Amounts that the tech industry pays its top executives rarely draws much attention. When Alphabet announced that Pichai would collect about $240 million of stock awards in coming years, it yielded little more than a collective shrug. In their defense, some of the tech firms are among the world's biggest in terms of market value. It is a measure that is often used to justify executive pay; and unlike the banks, they are not accused of bringing the financial system to the brink of collapse.

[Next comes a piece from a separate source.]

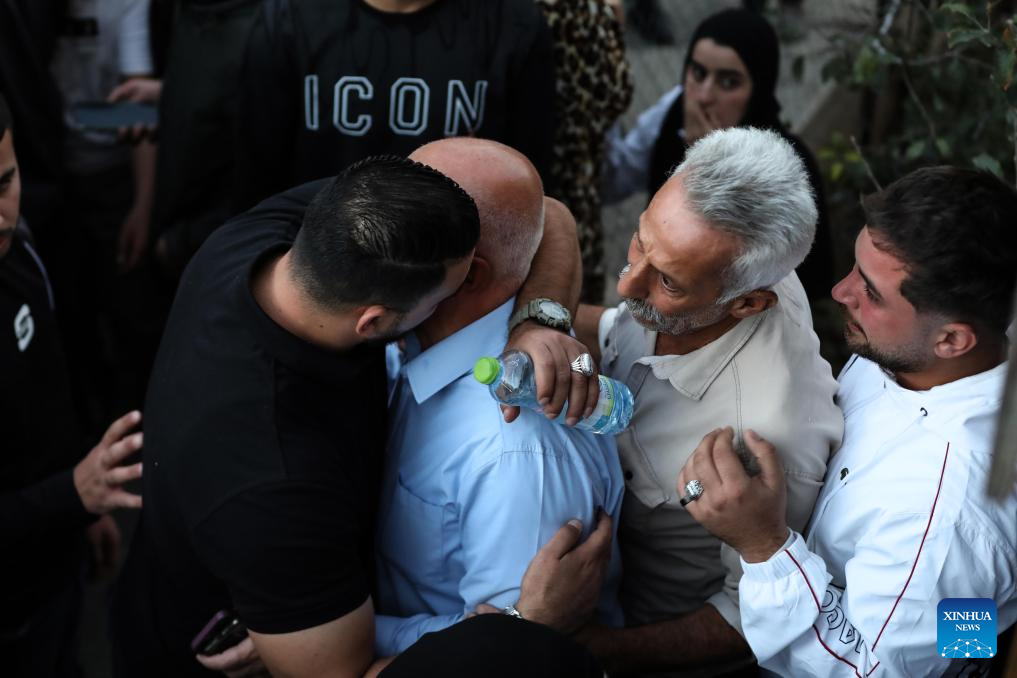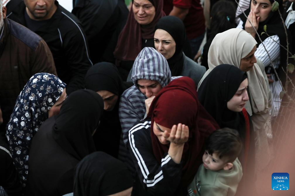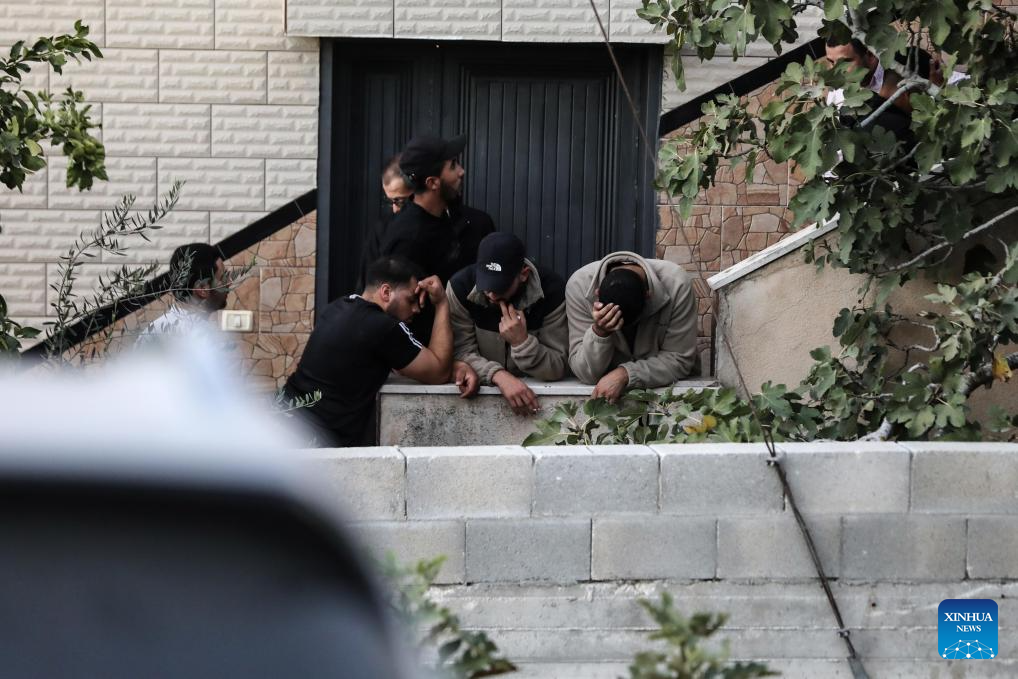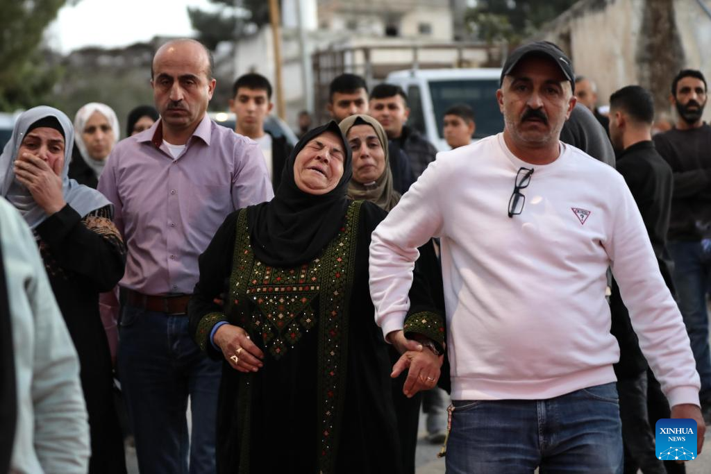 People mourn for a 24-year-old Palestinian killed by Israeli forces in the town of Tell near the West Bank city of Nablus, on Nov. 21, 2025. Israeli forces shot dead a Palestinian man in the occupied West Bank on Friday after a manhunt for a gunman accused of wounding an Israeli soldier, Israeli officials said. The Palestinian Health Ministry identified the man as Younes Waleed Mohammad Shtayyeh, 24. In a joint statement, the Israeli military, the Shin Bet security agency and the Border Police said Shtayyeh was a member of the Palestinian Authority (PA) police. The statement said troops spotted him in the town of Tell, near Nablus, holding a rifle and firing at Israeli forces, who returned fire and killed him. Israel accused him of shooting and injuring an Israeli reserve soldier during operations in the area on Thursday. (Photo by Ayman Nobani/Xinhua)

Regulatory filings explain that any one-time grant meant to compensate an executive for several years is allocated over the life of the award. For example - Elon Musk receives no compensation from Tesla Inc. aside from large grants of stock options tied to performance goals. The securities are meant to pay him for a decade. But in cases where the targets were met ahead of schedule and the options have vested, he has received new grants.

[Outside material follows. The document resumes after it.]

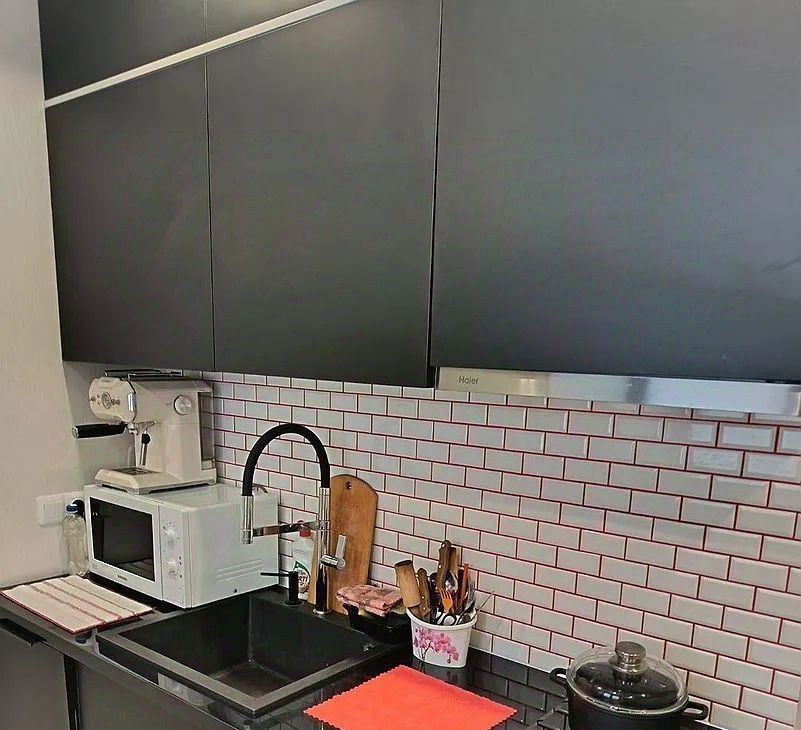 - Полный набор техники: ТВ, духовой шкаф, стиральная и сушильная машины, посудомойка, микроволновка, пылесос

Musk got his latest mega-grant of options in 2018, listed in filings with a value of $2.28 billion. The Bloomberg index allocates 1/10th of the securities to each of the next 10 years, and calculates the value of each year's tranche based on the closing stock price on the last day of trading. Elon Musk's $595.3 million for 2019 includes a tranche of the 2018 grant and part of a similar but smaller award he received in 2012.
Like Musk, most executives on the index are not guaranteed to pocket all, or even most, of their packages. Stock awards, which make up the bulk of their pay, are often contingent on performance conditions, and payouts are usually reduced or eliminated if those are not met. On the other hand, if the goals are exceeded, the windfall could be significantly bigger than initially estimated.
Such is the case for Rutledge at Charter: In 2016, he received big grants of stock options and restricted shares that would be his if Charter's share price exceeded certain thresholds over the coming years. In the meantime, he would not receive any additional equity, only his salary and bonus. Charter closed at $530.19 on Thursday in New York, having more than doubled over the past four years. So far, about half the options he got in 2016 have vested. If he exercised all of those in one fell swoop, he would take home more than $250 million before taxes.